I went to IC today and went over all of this, more or less. I told my IC that I'm starting, even after only a little more than 2 mos, to feel somewhat "normal" again. That I want to keep looking at the signs I missed, how to get in touch with my feelings more, how to navigate a world without a partner... but that I'm beginning to think that permanent NC is okay. That it's okay to move on without all of the "answers" about what happened here. That I can feel my sadness, but I don't have to keep swimming in it to the point that I'm not getting my work done and not moving on. If I walk away now, I have 10 years of mostly fantastic memories of a great guy I loved to death and can remember fondly... and only three weeks of absolute hell that, in time, perhaps I can simply accept as sad reality of life.

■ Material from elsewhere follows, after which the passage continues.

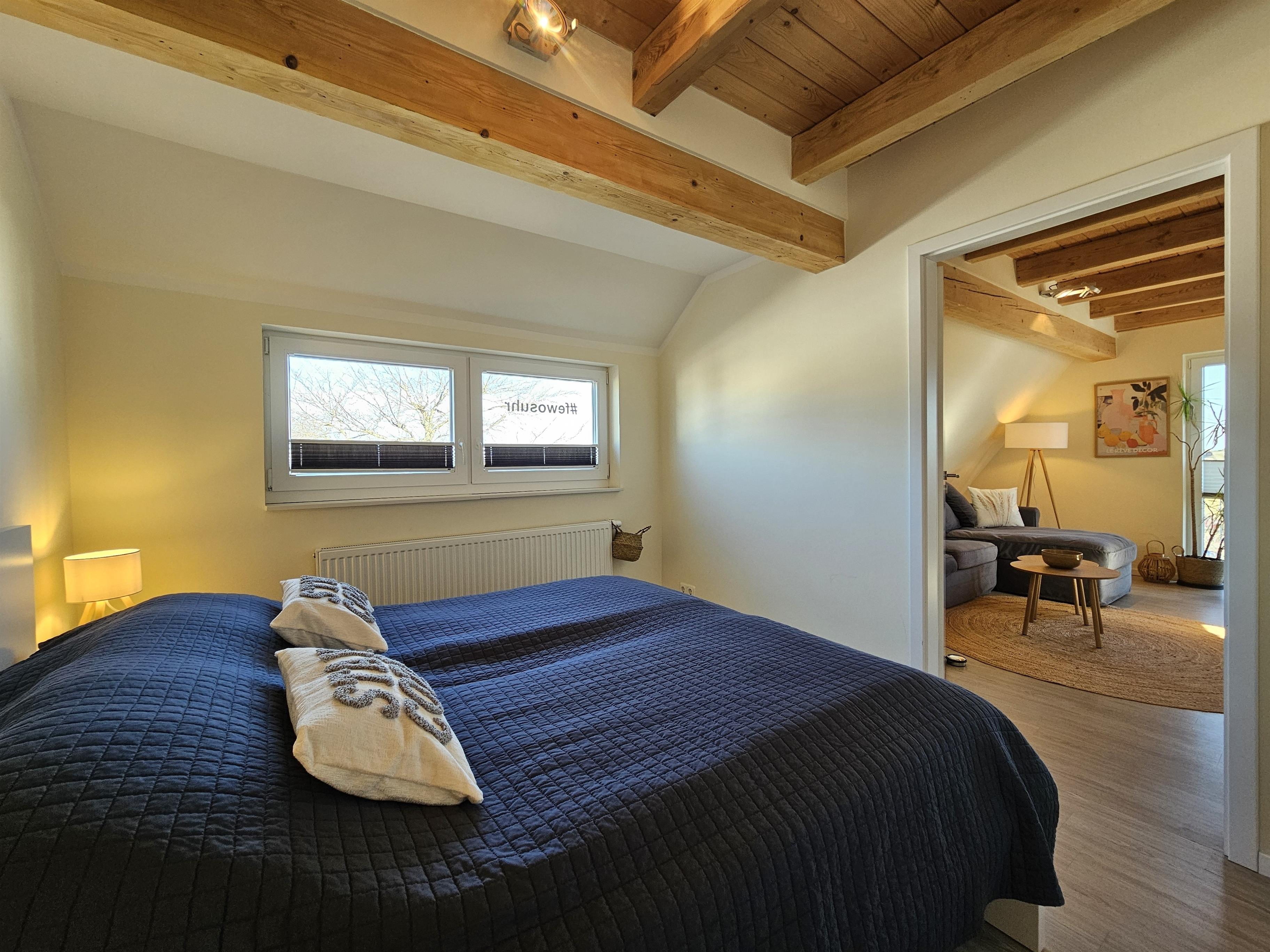 - Highlight im Dachgeschoss: Das zweite Schlafzimmer bietet nicht nur zwei flexible Einzelbetten (je 0,9 x 2,00m), sondern auch einen traumhaften Meerblick.

And I told IC that I refuse to confuse my love for WS as a justification for accepting his abuse or entertaining a notion of taking him back. And if he doesn't want to be with me and work it out-- for whatever reason-- fine. What other choice has he given me but to accept that?
I told IC that beginning to come into this stage of "acceptance" of saying goodbye to my WS and realizing that life is going to go on whether I like it or not has left me feeling a little "flat". Letting go of the drama and pain is like letting go of a connection to WS in some sense, and it leaves me all alone for the first time in a long time. It feels a sad and empty, although, in a strange way, it is still a warmer and safer place to be than attached to my WS and all of the pain that brings.
My IC says that he's glad I'm feeling better, but that I'm rationalizing again. I'm still letting WS dictate the terms of my emotional life. That I'm denying my feelings and "accommodating" WS as I’ve done in the past.
I'm still so confused by this. What other choice do I have but acceptance? I have to let acceptance win or I'm fighting a losing battle. What’s the alternative? What exactly am I missing here?